#### What you are asked to do
Type the listing below out again exactly. No images.

#### Data
━━━━━━━━

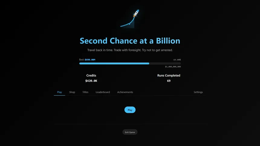 A dark comedy roguelike set in the real stock market. Travel back in time armed with 25 years of hindsight, trade real historical assets, dodge the SEC, and try to turn $10,000 into $1 billion before you get arrested or fired.
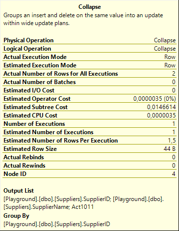 The Collapse operator then reads this sorted input, looking for combinations of a delete and an insert for the same Group By column, SupplierID in this case. It combines these combinations into one new output row, with Action Column Act1011 set to 1 (update). Instead of deleting a row with that SupplierID and SupplierName X and then inserting a new row with the same SupplierID and SupplierName Y, the two changes are collapsed into a single update to change the SupplierName from X to Y for that SupplierID. This is a very different update from what the query asked for, but the final result is the same, and that’s what counts. And because this action requires the SuplierName to be known, we now understand why this column was returned by the Clustered Index Scan.
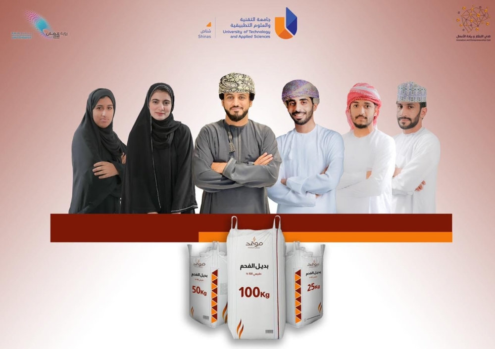 مسقط /العُمانية/ تسعى عقول شابة نابضة بالإنجاز إلى إيجاد الحلول لتوفير بيئة مناسبة وآمنة، حيث قام فريق طلابي من جامعة التقنية والعلوم التطبيقية بشناص بابتكار منتج (صخمة) وهو منتج طبيعي 100 بالمائة ويعتمد على استغلال الخامات المحلية المهدرة مما يوجِدُ قيمة مضافة، ويُعدُّ بديلًا للفحم ويتميز بسرعة اشتعاله وعدم انبعاث الغازات الضارة منه.
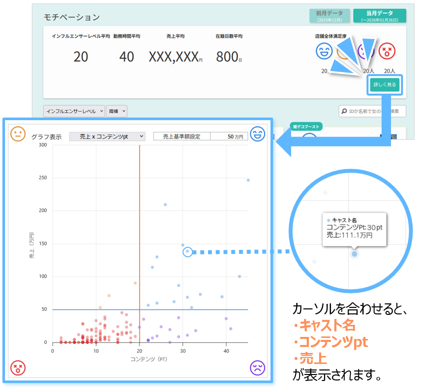 キャストのコンテンツ活用に対してのキャストの売上を見ることができ、店舗からキャストへの働きかけを行うための基準となります。

━━━━━━━━

#### Written answer
 A dark comedy roguelike set in the real stock market. Travel back in time armed with 25 years of hindsight, trade real historical assets, dodge the SEC, and try to turn $10,000 into $1 billion before you get arrested or fired.
 The Collapse operator then reads this sorted input, looking for combinations of a delete and an insert for the same Group By column, SupplierID in this case. It combines these combinations into one new output row, with Action Column Act1011 set to 1 (update). Instead of deleting a row with that SupplierID and SupplierName X and then inserting a new row with the same SupplierID and SupplierName Y, the two changes are collapsed into a single update to change the SupplierName from X to Y for that SupplierID. This is a very different update from what the query asked for, but the final result is the same, and that’s what counts. And because this action requires the SuplierName to be known, we now understand why this column was returned by the Clustered Index Scan.
 مسقط /العُمانية/ تسعى عقول شابة نابضة بالإنجاز إلى إيجاد الحلول لتوفير بيئة مناسبة وآمنة، حيث قام فريق طلابي من جامعة التقنية والعلوم التطبيقية بشناص بابتكار منتج (صخمة) وهو منتج طبيعي 100 بالمائة ويعتمد على استغلال الخامات المحلية المهدرة مما يوجِدُ قيمة مضافة، ويُعدُّ بديلًا للفحم ويتميز بسرعة اشتعاله وعدم انبعاث الغازات الضارة منه.
 キャストのコンテンツ活用に対してのキャストの売上を見ることができ、店舗からキャストへの働きかけを行うための基準となります。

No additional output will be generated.